A Russian invasion of Ukraine could begin "any day," including before the end of the Winter Olympics, Biden administration officials warned Friday, sounding a greater sense of urgency about the threat of military movement by Moscow.

"It could begin any day now, and it could occur before the Olympics have ended," White House national security adviser Jake Sullivan told reporters during a White House briefing. The Beijing Olympics are scheduled to conclude on Feb. 20.

"I’m not going to get into intelligence information, but if you look at the disposition of intelligence forces ... the Russians are in a position to be able to mount a major military action in Ukraine any day, and for that reason we believe that it is important for us to communicate to our allies and partners, to the Ukrainians and to the American citizens who are still there," Sullivan said.

"I want to be clear though: We are not saying a final decision has been taken by President Putin," he continued. "What we are saying is we have a sufficient level of concern based on what we have seen on the ground and what our intelligence analysts have picked up that we are sending this clear message."

"PBS Newshour" reported shortly before Sullivan briefed reporters that Western officials believe Putin has made up his mind, decided to invade Ukraine and communicated that decision to Russian military leaders.

Sullivan denied that that report was accurate when it was described to him during the briefing on Friday, saying that the U.S. government still does not believe that Putin has made his call.

Sullivan added that President Biden is likely to speak by phone with Putin but had no timing to announce as of Friday afternoon.

He also emphasized that Americans in Ukraine should seek to leave.

Sullivan's comments echoed those of Secretary of State Antony Blinken, who said earlier Friday "we're in a window" with the potential for an invasion.

Biden administration officials have been sounding the alarm for weeks that a Russian invasion of Ukraine was possible as Moscow amassed troops and military equipment at the border of the two countries. They have pledged to levy severe economic sanctions against Russia should it act, and officials have projected unity with NATO allies.

Biden said earlier this week that he did not believe Putin had decided whether to launch an incursion into Ukraine. Biden held a phone call earlier Friday with U.S. allies to discuss strategy on deterring Russian action against Ukraine.

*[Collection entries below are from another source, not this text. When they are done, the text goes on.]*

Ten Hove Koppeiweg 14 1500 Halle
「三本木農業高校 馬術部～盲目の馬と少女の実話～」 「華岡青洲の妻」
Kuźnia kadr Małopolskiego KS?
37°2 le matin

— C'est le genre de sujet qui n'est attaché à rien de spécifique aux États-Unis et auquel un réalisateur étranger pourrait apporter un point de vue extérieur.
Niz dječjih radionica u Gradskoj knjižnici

He and several other administration officials have urged Americans who are in Ukraine to leave the country, citing the risk of violence breaking out should Russia make a move.

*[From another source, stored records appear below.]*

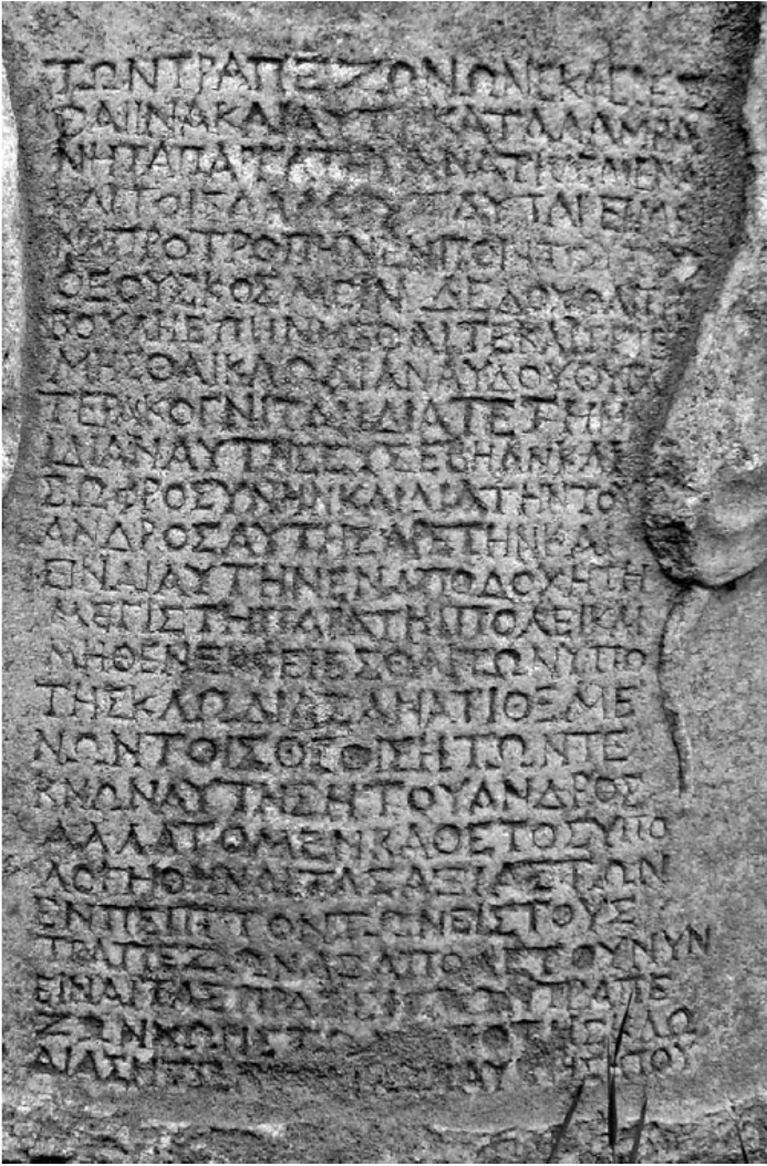
Fotoğraf 3: II. Kısım, 25-49 Satırlar
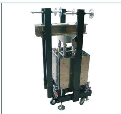
Ensemble optimisé pour le transport
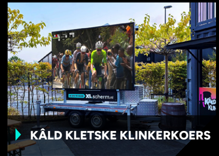
▶ KÂLD KLETSKE KLINKERKOERS
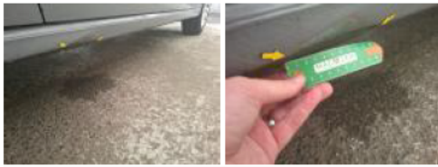
Porte ARG, Bosse(s), LI - Réparer et peindre (complet)
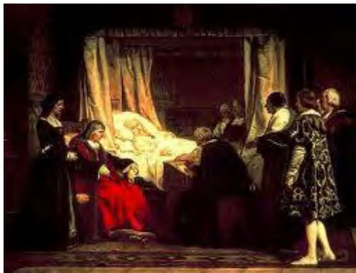
Isabel la Católica dikterer sitt testamente (1864) Eduardo Rosales

Hans råd var at massiv import av svarte (afrikanere) ville lette arbeidet til indianerne, som ikke hadde sterk nok fysikk til arbeidet spanjolene krevde. Han ble kalt for indianernes apostel. Apostelens gode intensjoner la grobunnen for slaveriet i Amerika.
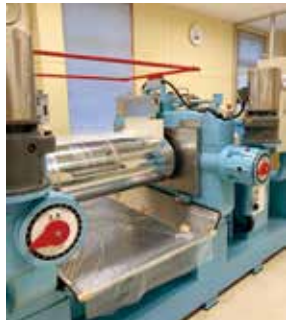
▲ミキシングロール機
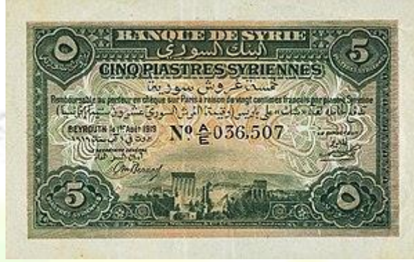
صورة الوجه الأمامي
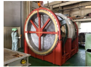
重量14tの熱交換器 二次加工
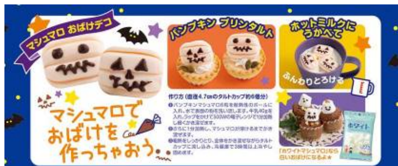
※パッケージ裏面のアレンジレシピ
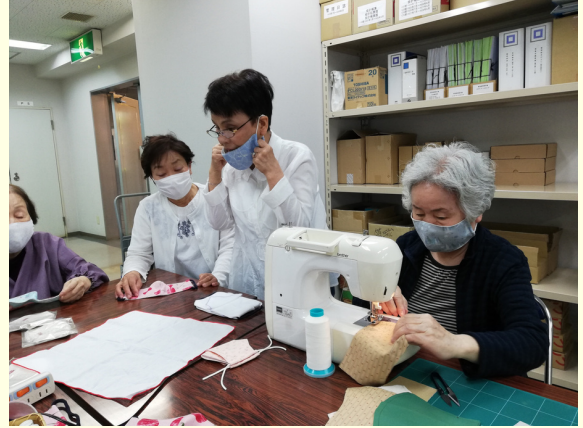
▲マンションでの新しい交流の仕組み「エグゼ友の会」

倉敷市では地域福祉基金を創設し、ボランティア団体が、高齢者、障がい者、子育て中の親子などに対して行う保健福祉に関わる活動を助成しています。
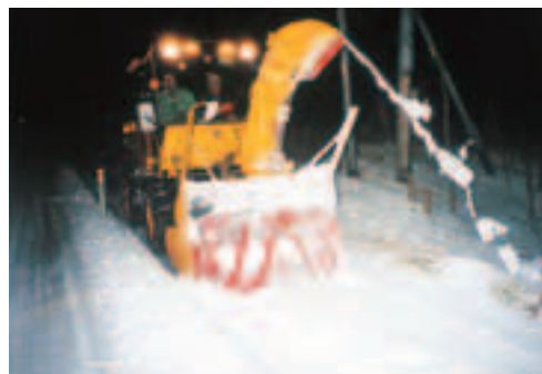
▲歩道の除雪作業は、ロータリー除雪車でを行っています。

この日委嘱された方々は、普段私たちが通勤や通学で使用する生活道路の安全を確保するため、昼夜を問わず除雪作業を行います。違法な路上駐車や道路上の障害物は、作業の大きな妨げになるばかりでなく、重大な事故につながる恐れがあります。除雪作業を安全、迅速に行えるよう、皆様のご協力をお願いします。
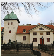
Örgryte gamla kyrka Örgryte församling Danska vägen
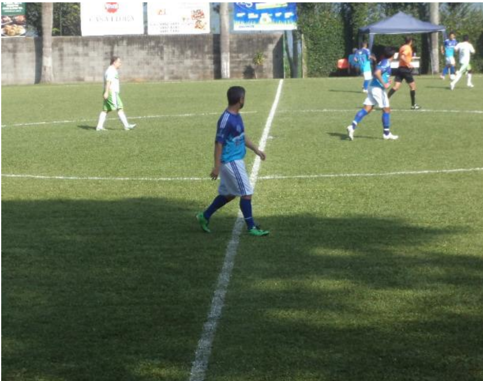
Depois reclama que chamam de chinelinho, só passeia em campo.
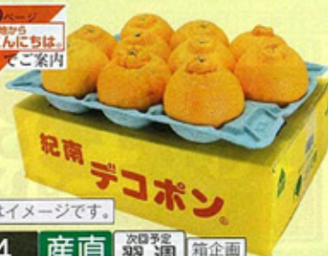
箱はイメージです。

Sullivan stressed Friday that Biden had no intention of sending U.S. troops on a rescue mission into Ukraine for Americans who are still in the country.

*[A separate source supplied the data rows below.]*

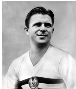
Slika 5. – Ferenc Puskas, slavni mađarski nogometaš

Za samo prvenstvo domaćini su izgradili veliki stadion Maracanu čiji je kapacitet 200 tisuća gledatelja. Pobjednik prvenstva po drugi put postala je mala zemlja Urugvaj koji su u finalu pobijedili domaćina. U Švicarskoj 1954. u finalu su se sastali Njemačka i Mađarska (rezultat 3:2). Tadašnju mađarsku reprezentaciju mnogi smatraju najboljom reprezentacijom uopće (u finalu su izgubili nakon 34 utakmice zaredom). Zvijezde tog prvenstva su njemački kapetan Fritz Walter te najbolji mađarski nogometaš svih vremena Ferenc Puskas.
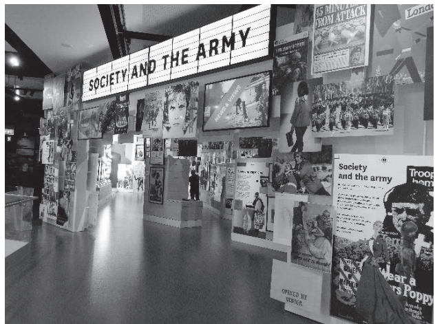
「社会」ギャラリー入口

一方、新NAMにおける展示の新しさを最も強く感じられるのが「社会」ギャラリーである。ここでテーマとされているのは「社会と不可分の存在としての陸軍」であり、両者の結びつきと影響関係がさまざまな観点から検討されている。注目すべきは、「(市民社会における) 駐屯」「報道・検閲」「真実・フィクション」「追悼・記憶」「チャリティ」などの比較的よく知られた（「かための」）問題と並んで、私たちの生活に直接関わる（「ゆるめの」）トピックが積極的に取り上げられていることである。たとえば、「ことば」「音楽」「ファッション」「玩具」などを事例として、市民
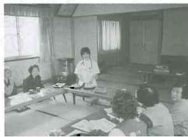
▲説明を受けながら健診準備班会
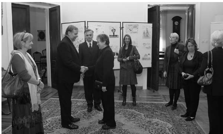
Посета професора права са европских и америчких универзитета
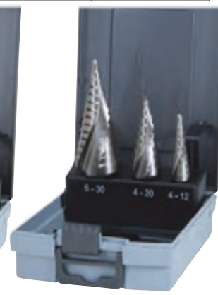
F 7596/3 - F 7596/33
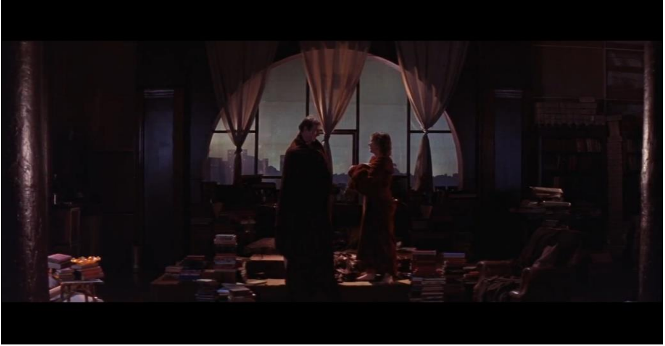
Resim 9: 'Michael'in Evi'
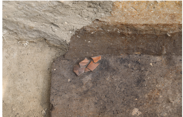
2 H1(東)土器(No.20)出土状況(北から)
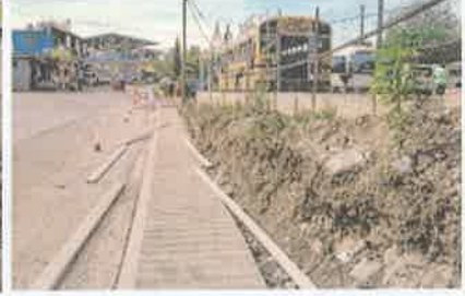
Foto 3. Vista de la acera peatonal construida.
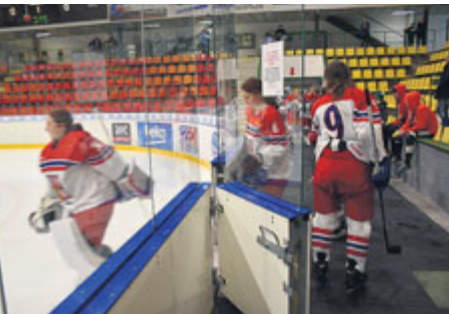
Zimní stadion by měl sloužit prioritně sportu.

Zastupitelé rozhodli, že prodejna nábytku do prostor zimního stadionu nepatří. Pronájmy tohoto typu podle části zastupitelů neodpovídají nové koncepci Sportovního zařízení města Příbram.
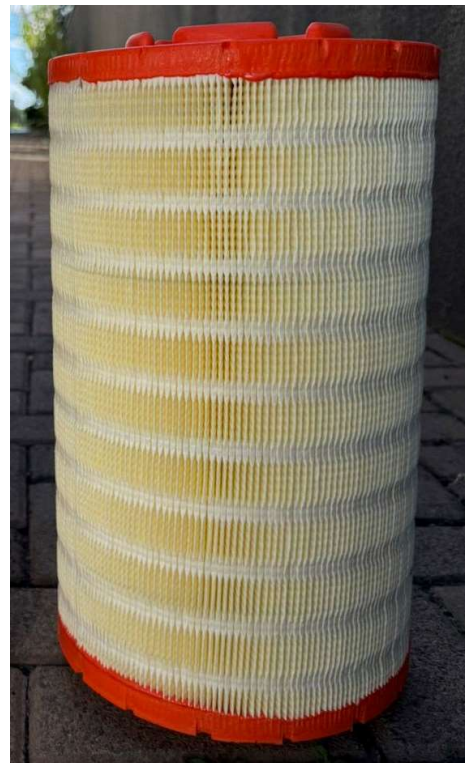
FILTRO XXXXXXXX NOVO
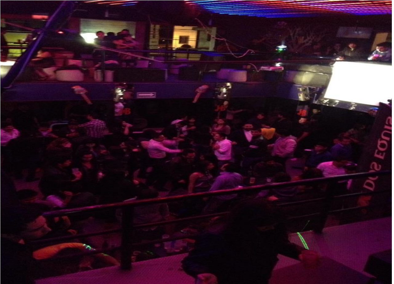
Foto 3. Antró 2

En las tocaditas como anteriormente se mencionó se muestra la atención en la banda, la apropiación se da cuando los noctámbulos asisten a estos espacios con la finalidad de escuchar a un tipo específico de música que varía según sus gustos. En la tocada, el baile es un móvil de sociabilidad que expresa por un lado, que se presta atención y disfruta de la música que está de fondo, y por otro lado, que se está compartiendo el espacio por un gusto en común, lo cual puede ser un móvil de sociabilidad, puesto que en esa temporalidad todo gira en torno a la apropiación a través de la música, como son los silencios cuando el representante de la banda habla y los aplausos que continúan como ritual después de tocar una canción.
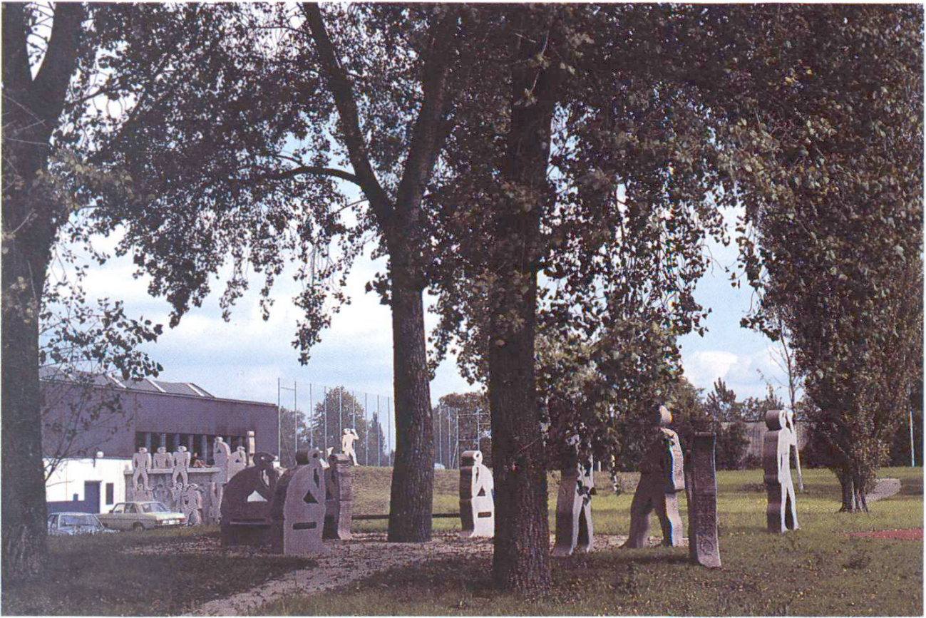
Conversation sous les arbres
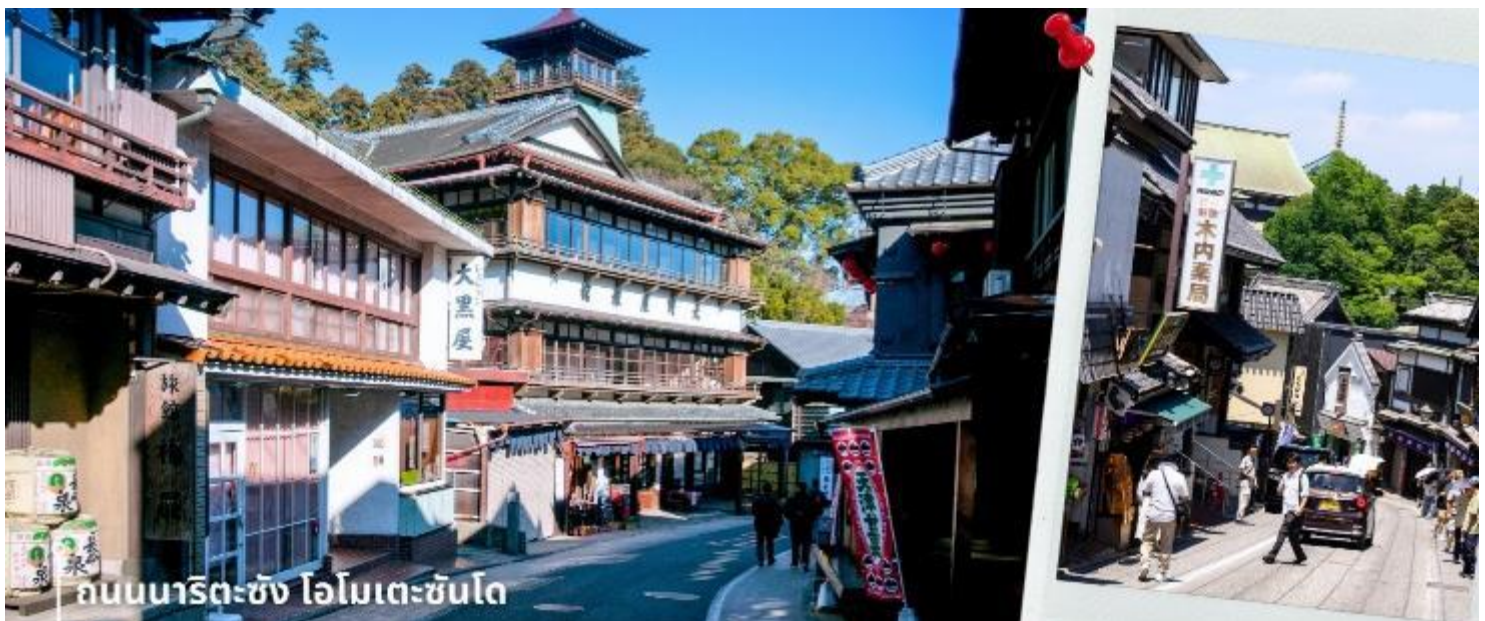
ถนนนาริตะซัง โอโมเตะซันโด

ถนนแห่งนี้เรียกกันว่า ถนนนาริตะซัง โอโมเตะซันโด ที่มีทั้งของที่ระลึก ของกิน ของใช้ หลากอย่างยังมีขาย เฉพาะแค่ที่ถนนแห่งนี้อีกด้วย กับความยาวของถนนที่มีความยาว 800 เมตร ทั้ง 2 ฝั่งถนนมีร้านค้ากว่า 150 ร้านตั้ง เรียงรายกัน และบรรยากาศที่ถนนแห่งนี้ยังมีความย้อนยุคราวกับญี่ปุ่นในสมัยโบราณ บ้านเรือนยังคงกลิ่นอายความ เป็นญี่ปุ่นในสมัยเก่า และที่พลาดไม่ได้หรือเรียกได้ว่าเป็นไฮไลท์ของที่ถนนแห่งนี้เลยก็คือ ข้าวหน้าปลาไหลเจ้า เก้าแก่ที่ขึ้นชื่อของที่นี่ ที่ทั้งคนญี่ปุ่นและนักท่องเที่ยวผ่านมาต้องแวะมากิน ให้ท่านอิสระเดินสัมผัสบรรยากาศและ เก็บภาพความประทับใจตามอัธยาศัย

"The risk is now high enough and the threat is now immediate enough that this is what prudence demands," he said. “If you stay, you are assuming risk with no guarantee that there will be any other opportunity to leave and no prospect of a U.S. military evacuation in the event of a Russian invasion.”

Sullivan suggested a Russian attack would likely begin with aerial bombings and missile strikes that could kill civilians indiscriminately. He did not speculate on what the goal of an invasion would be, but acknowledged “there are very real possibilities that it will involve the seizure of a significant amount of territory in Ukraine,” including a major city like the capital Kyiv.